Abstract
Introduction
The purpose of this study was to construct and validate a nomogram for predicting cancer-specific survival (CSS) in undifferentiated pleomorphic sarcoma (UPS) patients at 3, 5, and 8 years after the diagnosis.
Methods
Data for UPS patients were extracted from the SEER (Surveillance, Epidemiology, and End Results) database. The patients were randomly divided into a training cohort (70%) and a validation cohort (30%). The backward stepwise Cox regression model was used to select independent prognostic factors. All of the factors were integrated into the nomogram to predict the CSS rates in UPS patients at 3, 5, and 8 years after the diagnosis. The nomogram’ s performance was then validated using multiple indicators, including the area under the time-dependent receiver operating characteristic curve (AUC), consistency index (C-index), calibration curve, decision-curve analysis (DCA), integrated discrimination improvement (IDI), and net reclassification improvement (NRI).
Results
This study included 2,009 UPS patients. Ten prognostic factors were identified after analysis of the Cox regression model in the training cohort, which were year of diagnosis, age, race, primary site, histological grade, T, N, M stage, surgery status, and insurance status. The nomogram was then constructed and validated internally and externally. The relatively high C-indexes and AUC values indicated that the nomogram has good discrimination ability. The calibration curves revealed that the nomogram was well calibrated. NRI and IDI values were both improved, indicating that our nomogram was superior to the AJCC (American Joint Committee on Cancer) system. DCA curves demonstrated that the nomogram was clinically useful.
Conclusions
The first nomogram for predicting the prognosis of UPS patients has been constructed and validated. Its usability and performance showed that the nomogram can be applied to clinical practice. However, further external validation is still needed.
Keywords
Introduction
Undifferentiated pleomorphic sarcoma, which was previously known as malignant fibrous histiocytoma, was first proposed by O’Brien et al. in 1964.1-3 Undifferentiated pleomorphic sarcoma is thought to be a high-grade aggressive sarcoma, and originates in histiocytes.1-4 It appears in a storiform pattern and consists of spindled (fibroblast-like) and rounded (histiocyte-like) cells, accompanied by pleomorphic giant and inflammatory cells.1-4 Undifferentiated pleomorphic sarcoma occurs most frequently in the soft tissues of extremities (50% in lower limbs, 20% in upper limbs), and occasionally in bone and viscera.5-8 It peaks around the age of 60 years and is more common in males. 6 As one of the most common subtypes, it accounts for about 5-10% of the adult soft-tissue sarcoma (STS).1-3 The present study focused on UPS occurring in soft tissues.

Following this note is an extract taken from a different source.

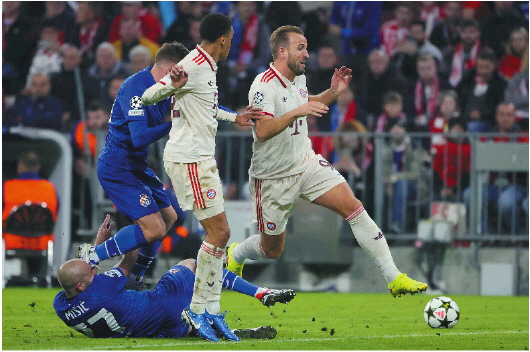 凯恩(右一)帮助拜仁单场轰进9球。 新华社发
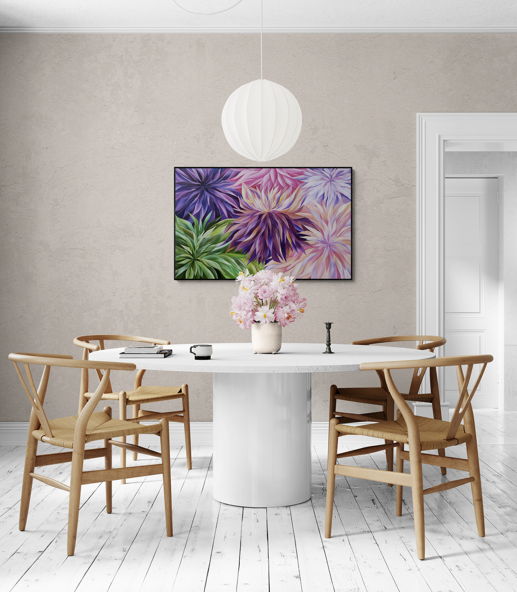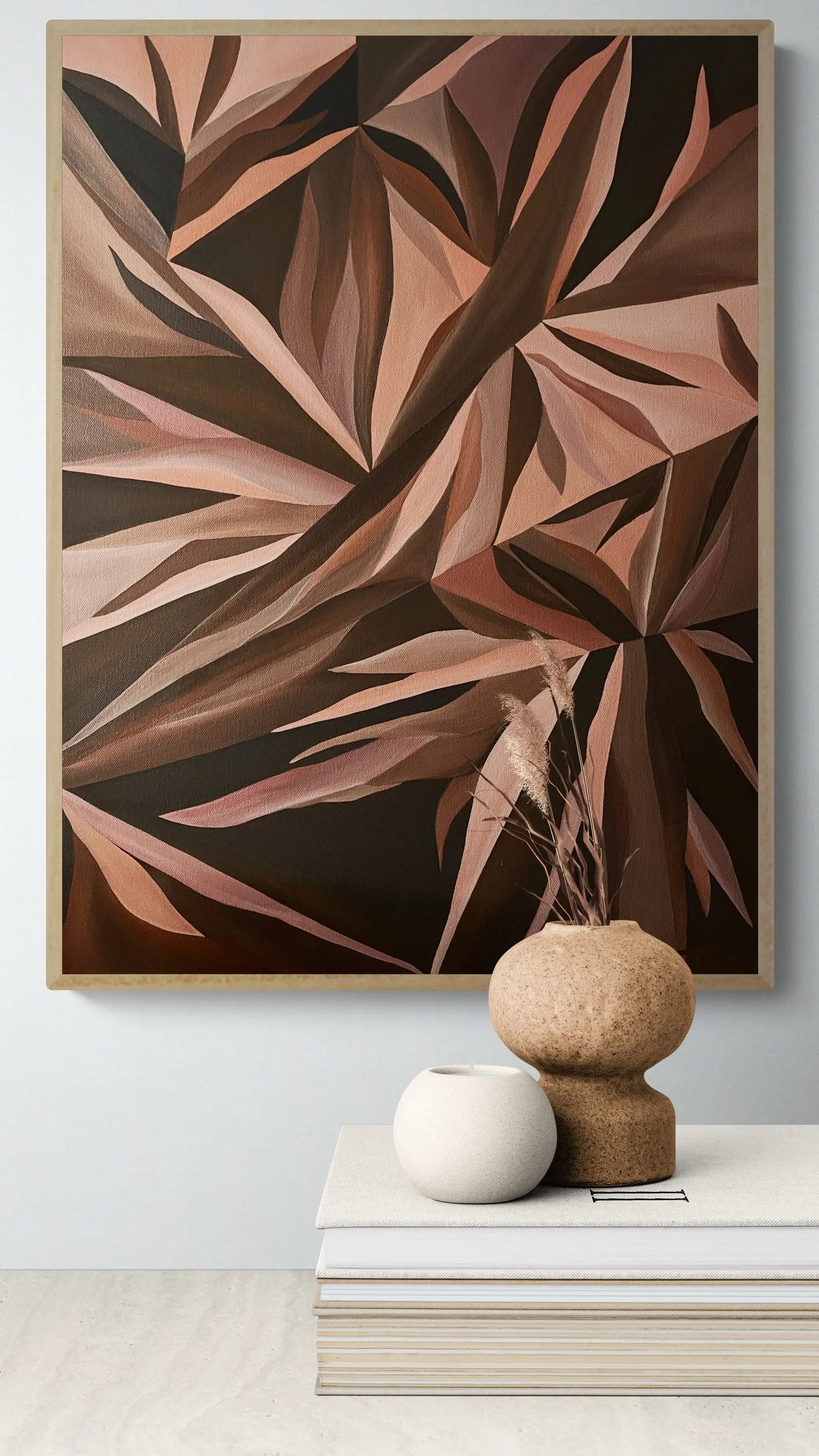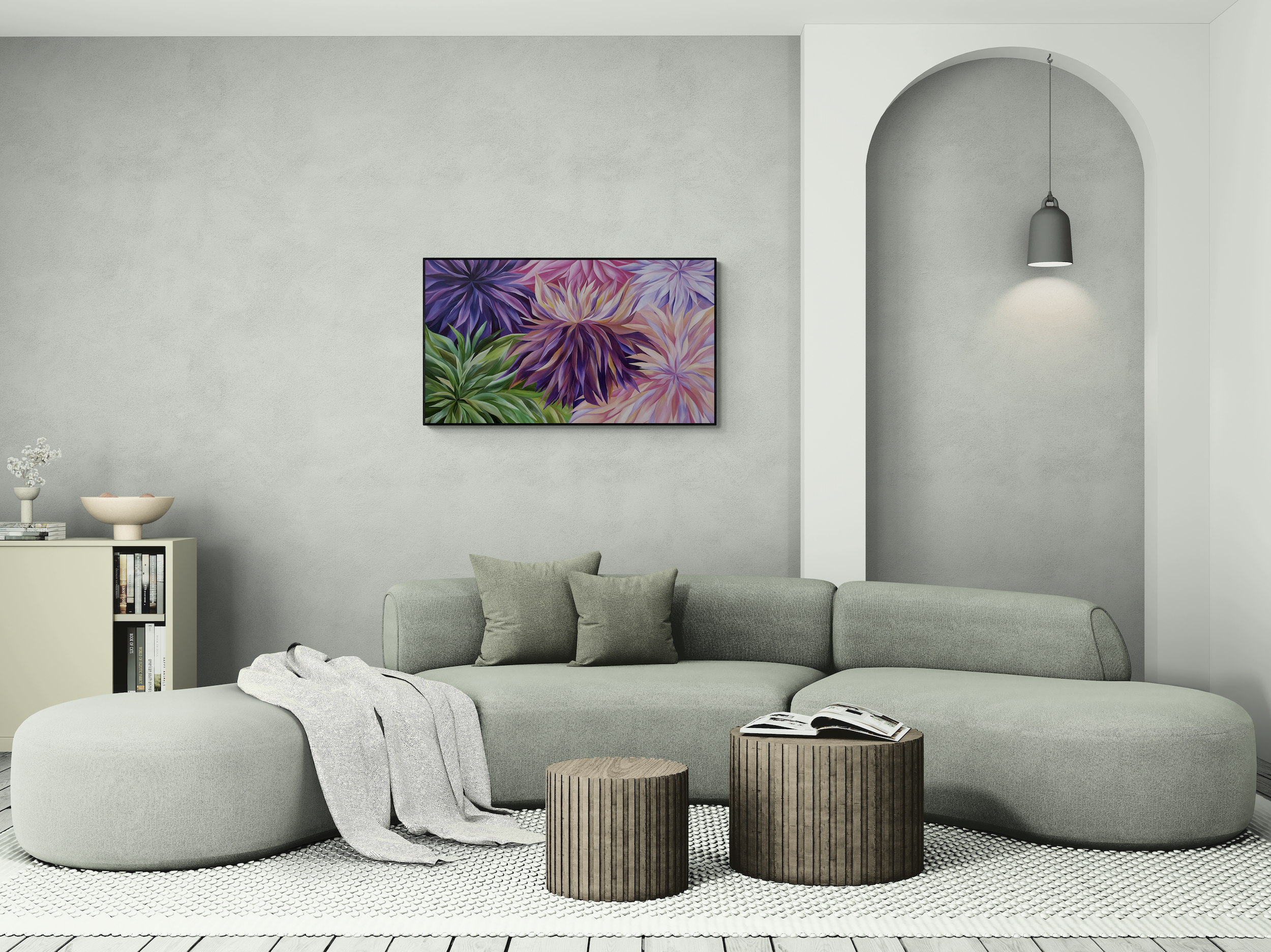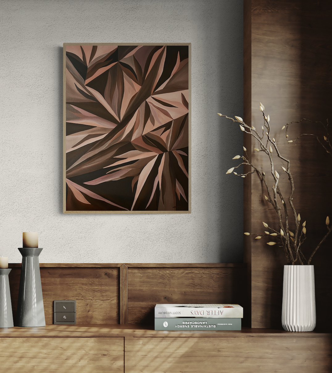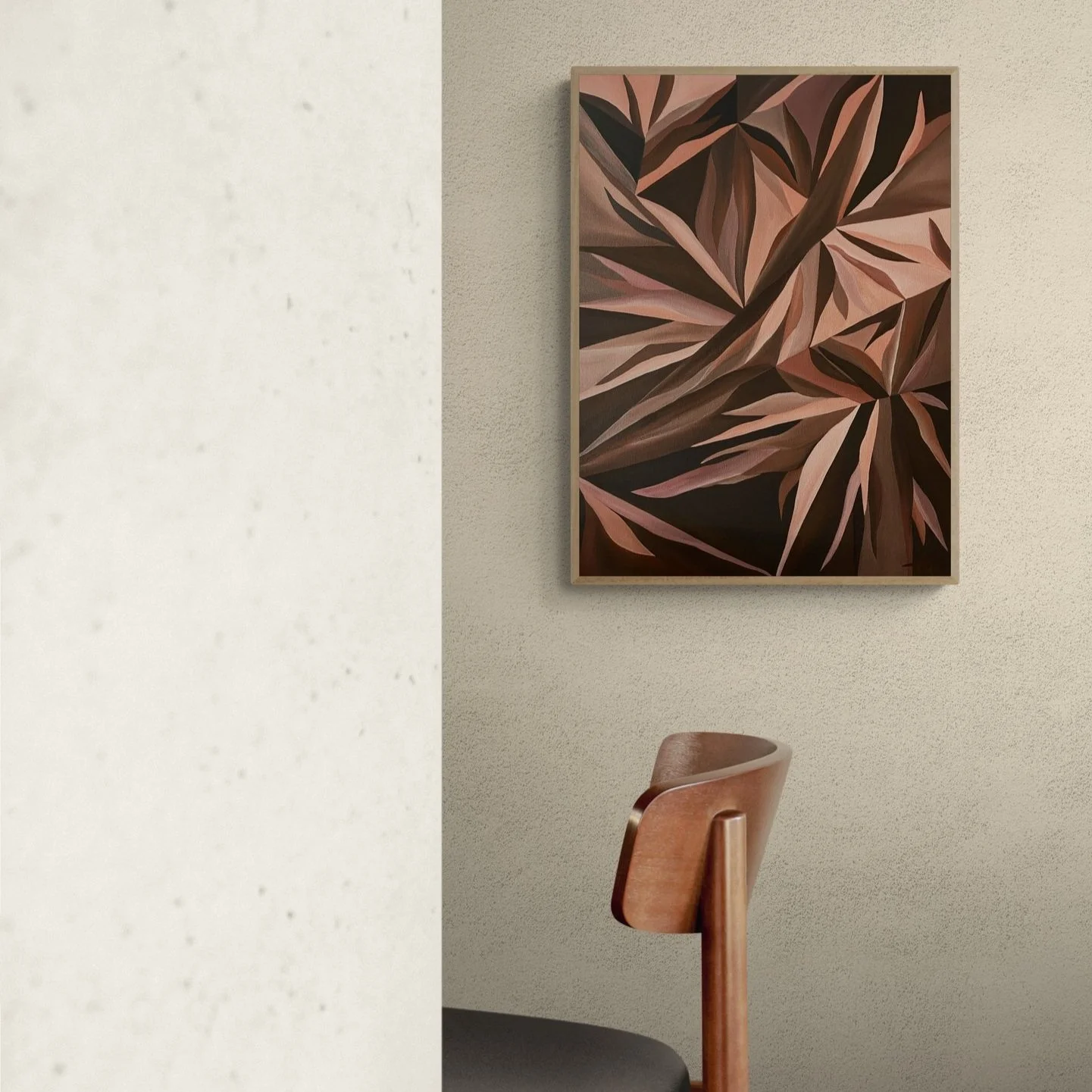Her current works, showcase bold florals contrasted with geometric balance, resulting in artworks that feel both intuitive and intentional. Rich colour palettes, textured brushwork, and clean lines come together to create striking wall art that enhances modern interiors and offers a sense of calm, harmony, and visual interest.

Undifferentiated pleomorphic sarcoma is normally treated by extensive surgical resection and adjuvant radiotherapy, with adjuvant chemotherapy considered for high-grade tumors. 9 Accurate prognosis is critical for treatment decisions. At present, the prognostic tool most commonly used for UPS is the American Joint Committee on Cancer (AJCC) staging system for STS. In addition to tumor (T), node (N), and metastasis (M) staging, which are used as predictors for all types of malignant tumors, the AJCC staging system for STS also considers the histological grade.10-12 However, this approach is applicable to all subtypes of STS, rather than being specifically designed for UPS. And it is widely considered that the prognostic features of different STS subtypes vary greatly. Moreover, many other important prognostic factors are neglected by this staging system. Therefore, it does not provide a very accurate prognosis for individual UPS patients. In other words, for UPS patients in the same AJCC stage, the prognosis may vary greatly. Nomograms have been widely used as an alternative to the AJCC staging system. By broadly integrating prognostic factors and quantifying individual risks, a nomogram can provide more accurate and intuitive individualized predictions. 13 In many oncology studies, the performance of a nomogram has been shown to be superior to the AJCC staging system.14-17 However, to the best of our knowledge, a nomogram for UPS has not yet been reported. 18
The aim of this study was to construct and validate a prognostic nomogram for predicting the cancer-specific survival (CSS) rates of UPS patients at 3, 5, and 8 years after the diagnosis, based on the Surveillance, Epidemiology, and End Results (SEER) database. In clinical practice, a nomogram can be used as a convenient and reliable reference tool to help assess the prognosis of patients and develop individualized treatment strategies.
Method
The SEER database was established by the National Cancer Institute in 1973 with the aim to reduce the burden of cancer. It is one of the most representative tumor databases in the United States.12,19 With 18 population-based registries already, the SEER database covers about 28% of the US population. 7 Each registry collects demographic, clinicopathological, and follow-up survival data, providing a broad approach to the study of tumors, especially rare tumors. 20
The SEER*Stat (version 8.3.6) software was used to extract data from the SEER database. The selected UPS patients had been diagnosed between 1990 and 2015. The subdatabase used had the following designation: “Incidence-SEER 18 Regs Custom Data (with additional treatment fields), Nov 2018 Sub (1975-2016 varying).” The end date of follow-ups for this version of the subdatabase was December 31, 2016.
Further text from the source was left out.